טכניון מכון טכנולוגי לישראל
הטכניון מכון טכנולוגי לישראל - בית הספר ללימודי מוסמכים  
M.Sc Thesis
M.Sc StudentSegev Mark Naama
SubjectColloidal Deposition Polymer-Brush-Coated
NF Membranes
DepartmentDepartment of Civil and Environmental Engineering
Supervisor Assistant Professor Guy Ramon
Full Thesis textFull thesis text - English Version


Abstract

Fouling control remains a challenge in membrane separation. Recent works have shown the potential of surface modification, e.g. polymer brush coatings, as a fouling control strategy. Such modifications are aimed at changing the surface physical-chemical characteristics and may also respond to external stimuli to actively release foulants from the membrane surface. Responsive polymers have the ability to respond to stimuli such as pH, temperature, ionic strength, etc. PNIPAM (poly-N-iso-propylacrylamide) exhibits a hydrophobic-hydrophilic phase transition at its lower critical solution temperature (LCST) ~32°C, which reduces to 20°C at high-ionic strength2. Microscopic techniques have contributed greatly to our understanding of particle deposition; however, very little is known in the case of brush-coated membranes. In the present study, we employ confocal microscopy to investigate, in-situ, the deposition and release patterns and kinetics of colloidal fouling on NF membranes with and without a PNIPAM brush layer.

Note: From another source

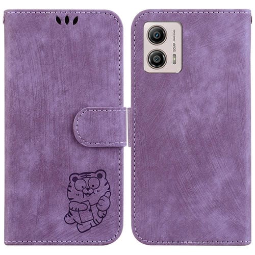 Funda para Motorola Moto G13 / G23 / G53 de Cuero con Relieve Little Tiger (Púrpura)

A custom-built cross-flow filtration cell with an optical window enabled live observation of particles depositing on the membrane surface. Images of fluorescent-labelled particles and hexadecane droplets were acquired and analyzed for surface coverage with image processing software. Experiments began with 40 mins of deposition followed by cleaning cycles with pressure shut-off to eliminate permeation and then crossflow rinsing with 1.5M NaCl solution and DI water, alternately, to induce phase transition of the PNIPAM.

Surface coverage rate constants, ksc, were calculated from surface area coverage curves and their values illustrated that amine-functionalized particles deposit faster than carboxyl particles, and that the PNIPAM coating can significantly lower the deposition kinetics as well as the overall coverage. This may be attributed to the steric repulsion imparted by the brush layer on approaching particles. However, deposition was irreversible, even upon induction of the phase transition. In contrast to particles, droplets were partially released from the surface upon salt-activation. Oil droplets, unlike polystyrene beads, deform under shear and respond to alterations in surface morphology and hydrophobicity, which could explain their release.

The specific structure and chemistry of the membrane and foulant surfaces will determine the deposition propensity and its reversibility. For some foulants (rigid polystyrene particles) steric repulsion of the PNIPAM chains plays a key role in preventing deposition, while for others (oil droplets) a different trend is observed. However, the deposition observed here is largely irreversible, with the exception of oil droplets that are largely removed from the unmodified membrane, and are partially released from the PNIPAM-modified membrane with each activation cycle.

These results offer steps towards much-needed mechanistic insight into the function of brush-coatings as fouling-resistant and/or self-cleaning coatings for membranes.